Stored items
• • • • •

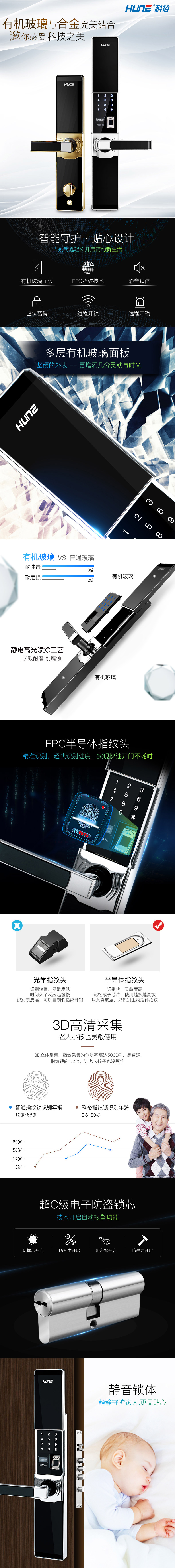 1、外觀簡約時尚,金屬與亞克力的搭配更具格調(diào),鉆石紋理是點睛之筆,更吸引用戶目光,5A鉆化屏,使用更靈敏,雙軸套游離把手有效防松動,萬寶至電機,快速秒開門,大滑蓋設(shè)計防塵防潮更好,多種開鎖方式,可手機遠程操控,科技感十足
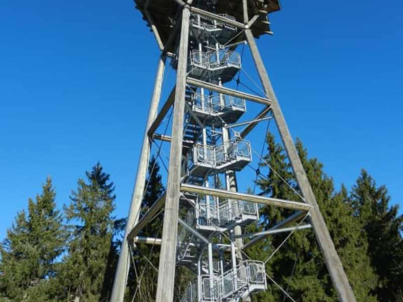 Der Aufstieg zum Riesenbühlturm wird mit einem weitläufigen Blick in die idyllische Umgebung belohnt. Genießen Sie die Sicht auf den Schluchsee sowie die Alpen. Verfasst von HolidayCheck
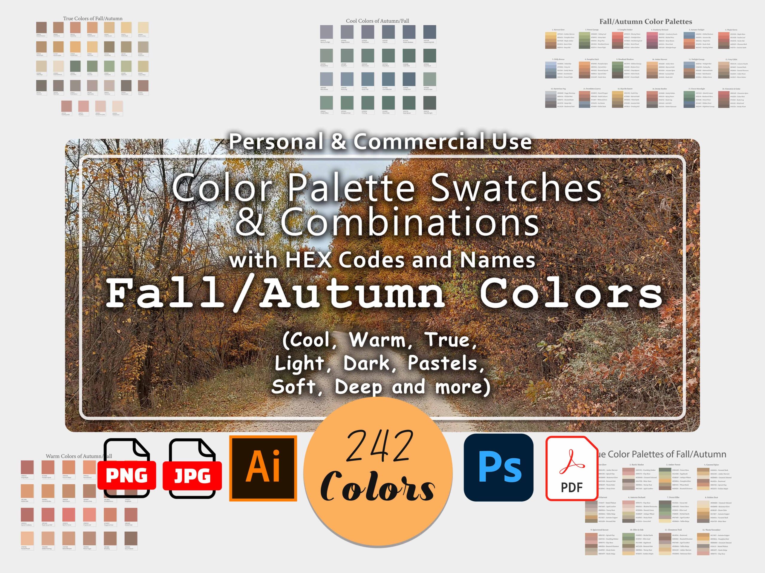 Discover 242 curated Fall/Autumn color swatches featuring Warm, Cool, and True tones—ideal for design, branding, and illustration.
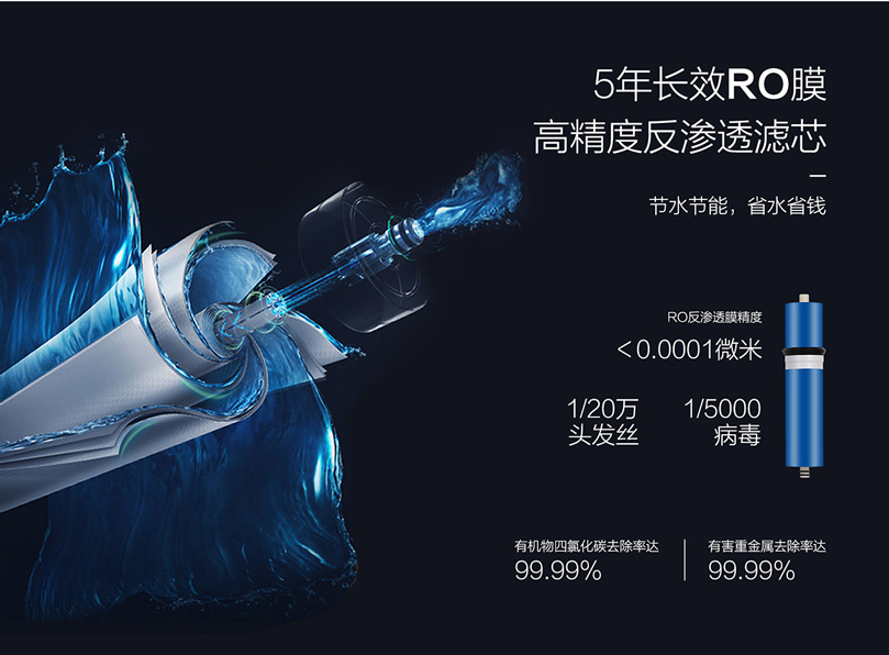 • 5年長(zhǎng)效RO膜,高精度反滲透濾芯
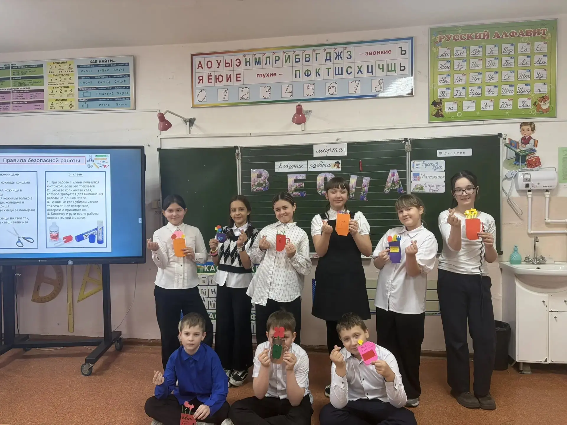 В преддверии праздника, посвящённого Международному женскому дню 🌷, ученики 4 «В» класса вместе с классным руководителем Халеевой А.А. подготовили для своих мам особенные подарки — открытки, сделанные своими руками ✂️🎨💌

• • • • •

THE TASK:
Would you repeat the entries exactly, keeping the images out?

SOLVED EXERCISE:
 1、外觀簡約時尚,金屬與亞克力的搭配更具格調(diào),鉆石紋理是點睛之筆,更吸引用戶目光,5A鉆化屏,使用更靈敏,雙軸套游離把手有效防松動,萬寶至電機,快速秒開門,大滑蓋設(shè)計防塵防潮更好,多種開鎖方式,可手機遠程操控,科技感十足
 Der Aufstieg zum Riesenbühlturm wird mit einem weitläufigen Blick in die idyllische Umgebung belohnt. Genießen Sie die Sicht auf den Schluchsee sowie die Alpen. Verfasst von HolidayCheck
 Discover 242 curated Fall/Autumn color swatches featuring Warm, Cool, and True tones—ideal for design, branding, and illustration.
 • 5年長(zhǎng)效RO膜,高精度反滲透濾芯
 В преддверии праздника, посвящённого Международному женскому дню 🌷, ученики 4 «В» класса вместе с классным руководителем Халеевой А.А. подготовили для своих мам особенные подарки — открытки, сделанные своими руками ✂️🎨💌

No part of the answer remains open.